The current wording for ~shared_ptr() as linked above simply states that the deleter is invoked, with a non-normative note that the number of instances that share ownership is decreased.
While the intent is probably that weak.expired() when the deleter is called, it's questionable to rely on this. It's really only reasonable to state with confidence that the shared_ptr no longer shares ownership after it's been destroyed - asking that question during destruction is a bit odd.
Using make_shared like that will create an object with the default constructor you provided.
template< class T, class... Args >
shared_ptr<T> make_shared( Args&&... args );
Constructs an object of type T and wraps it in a std::shared_ptr
using args as the parameter list for the constructor of T. The object
is constructed as if by the expression (std::make_shared)
After the anonymous scope in the main. The shared ptr will be deleted.

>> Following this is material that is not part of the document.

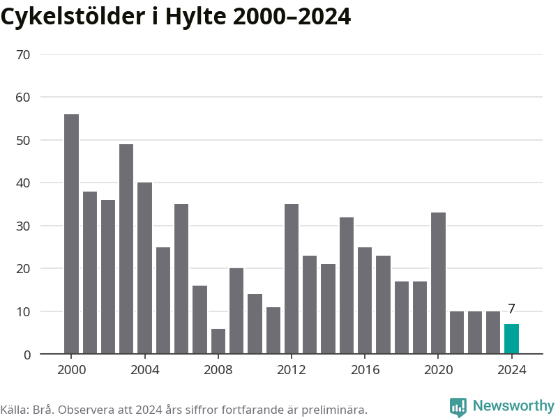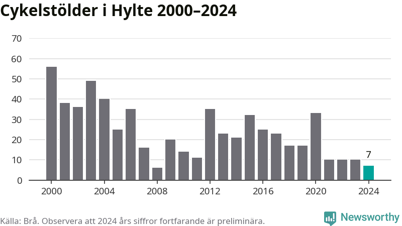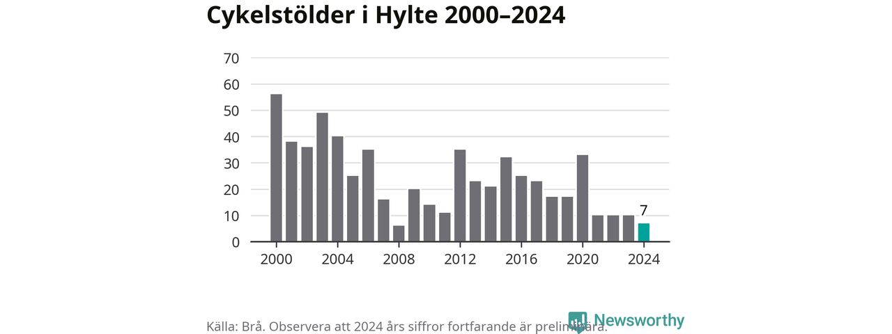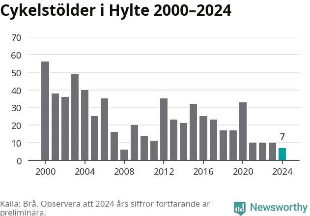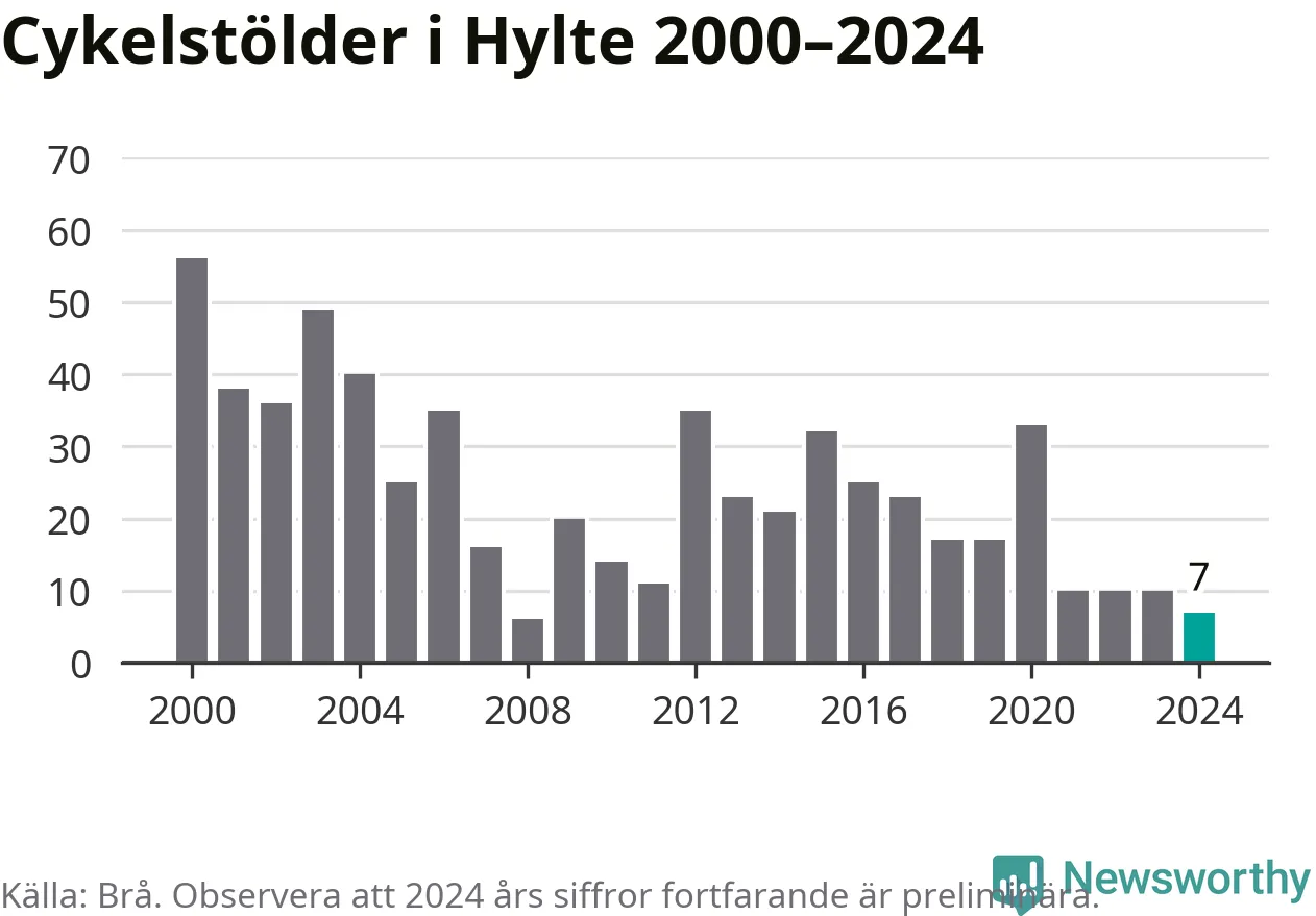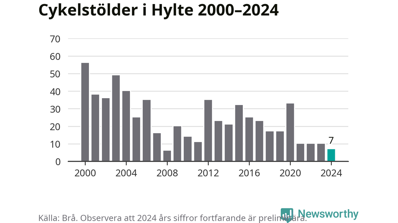 Hylte är inte särskilt drabbat. 2024 gjordes sju anmälningar om cykelstölder i kommunen, enligt siffror från Brottsförebyggande rådet, vilket motsvarar 0,7 anmälningar per 1 000 invånare. Det kan jämföras med 10,9 cyklar per 1 000 invånare i Halmstad, som hade flest cykelstölder per invånare i Halland.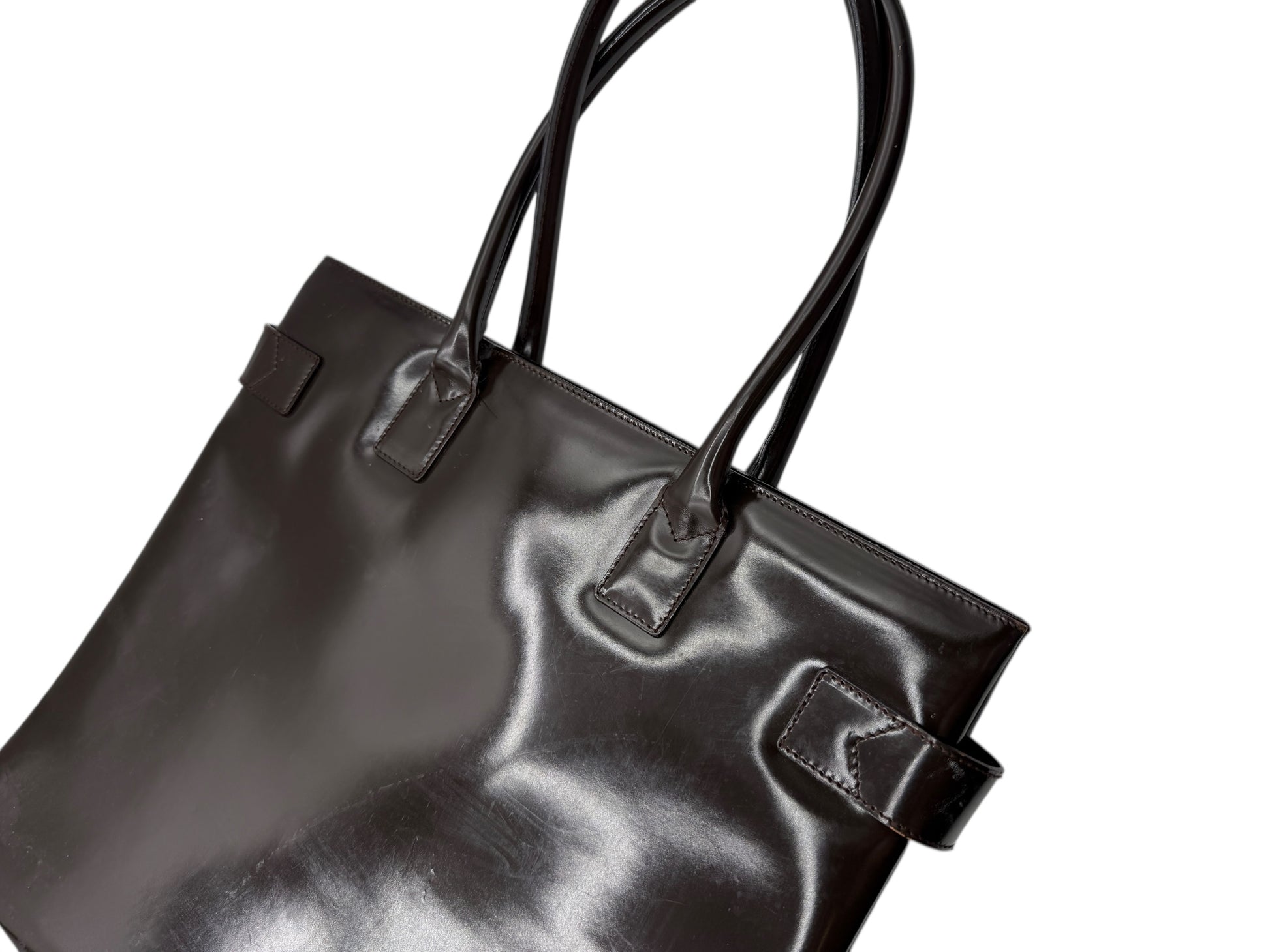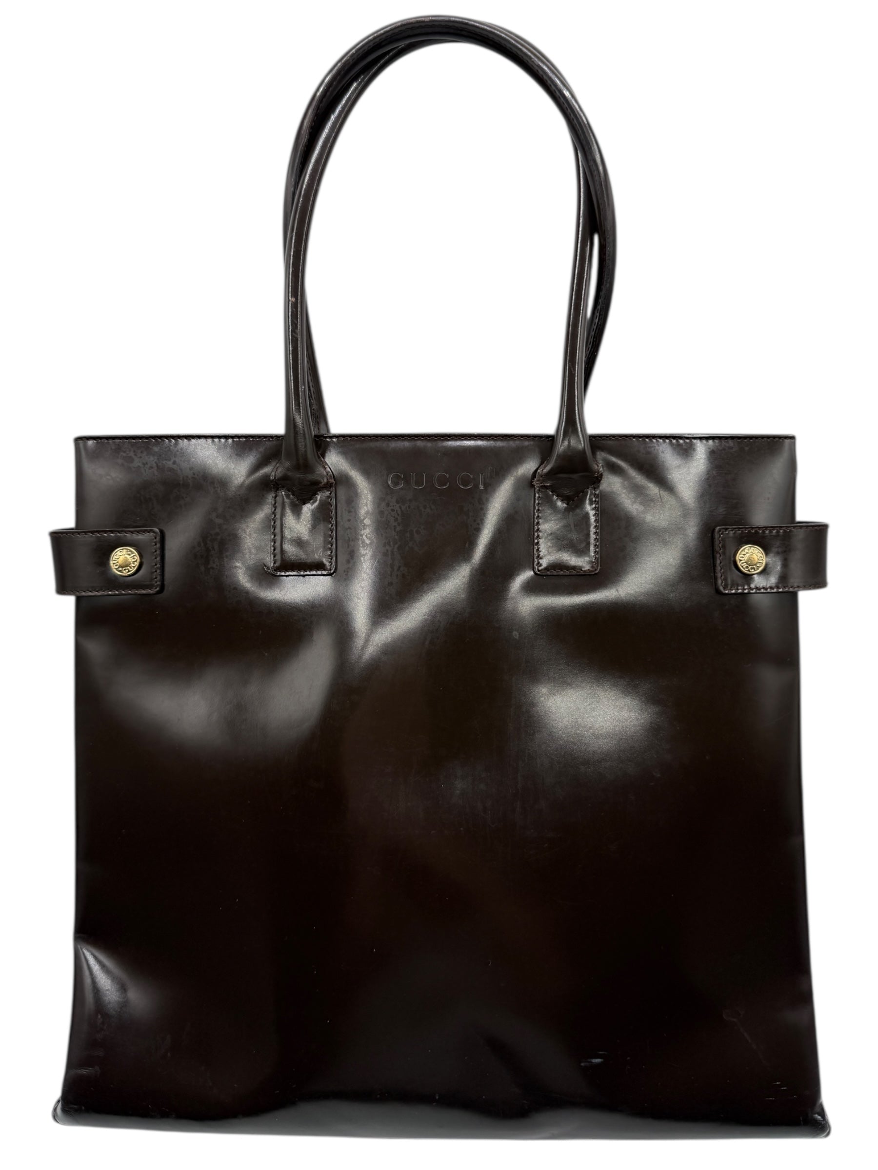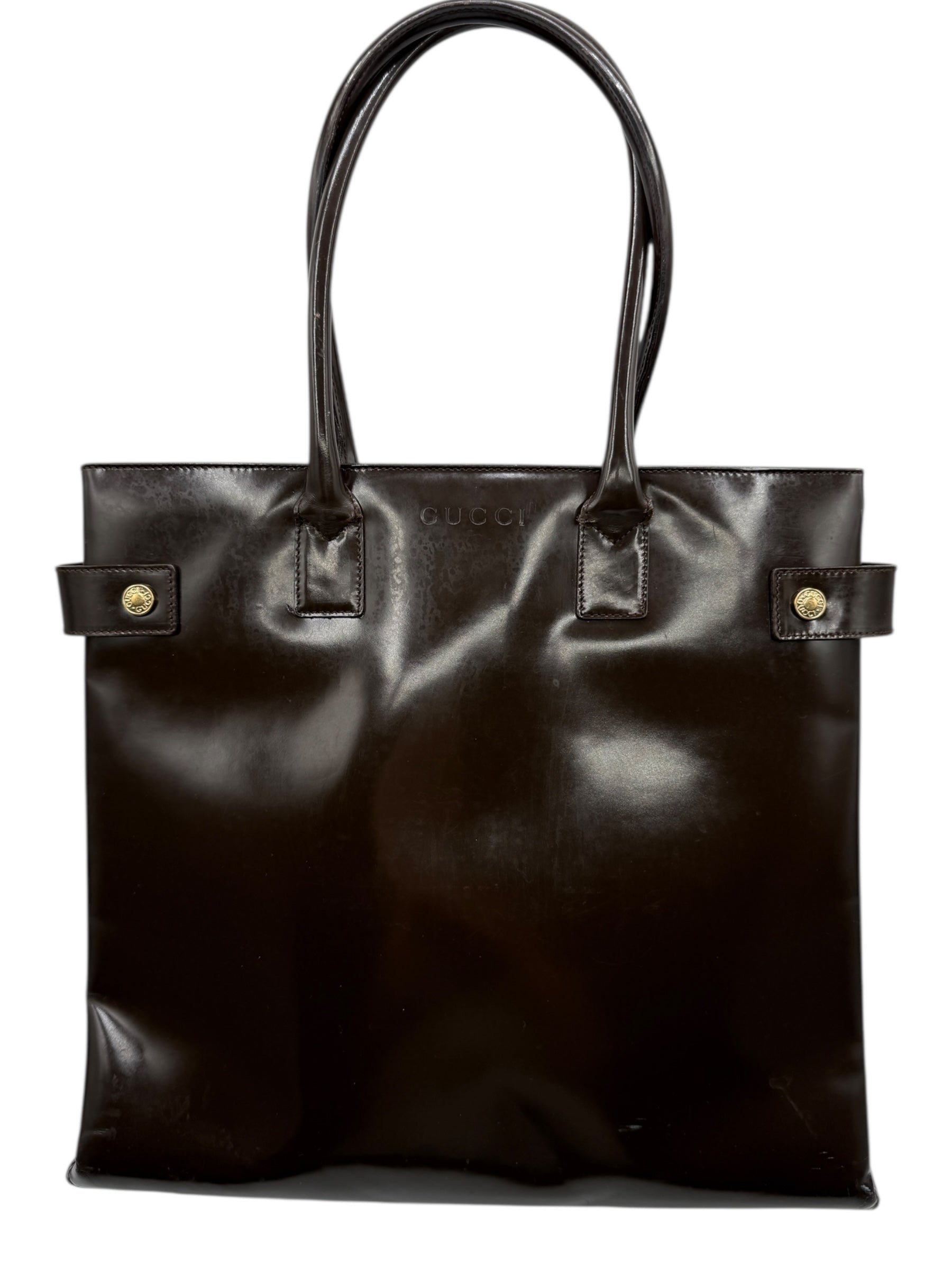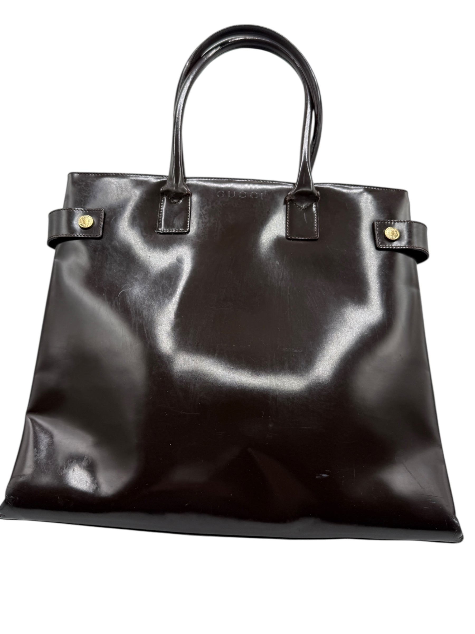GUCCI Vintage Brown Patent Leather Tote – Fair Condition – With Original Care Booklet

The object is destroyed and its memory deallocated when either of the
following happens:
the last remaining shared_ptr owning the object is destroyed;
(std::shared_ptr)
.
The destructor of shared_ptr decrements the number of shared owners of
the control block. If that counter reaches zero, the control block
calls the destructor of the managed object. The control block does not
deallocate itself until the std::weak_ptr counter reaches zero as
well. std::shared_ptr Implementation notes
This means that your object will call its destructor after the destruction of the last shared ptr has started.
The output:
not expired
in dtor
expired
is the expected behavior.
Not the standard itself but:
http://en.cppreference.com/w/cpp/memory/weak_ptr/expired
Checks whether the managed object has already been deleted. Equivalent
to use_count() == 0.
So it becomes a question of weather use_count is set to 0 before or after deletion. Now there's a not on this in a draft of the standard:
http://www.open-std.org/jtc1/sc22/wg21/docs/papers/2013/n3690.pdf [page 566 20.9.2.2.2]
~shared_ptr();
Effects:
If *this is empty or shares ownership with another shared_ptr instance (use_count() > 1), there are no side effects.
Otherwise, if *this owns an object p and a deleter d, d(p) is called.
Otherwise, *this owns a pointer p, and delete p is called.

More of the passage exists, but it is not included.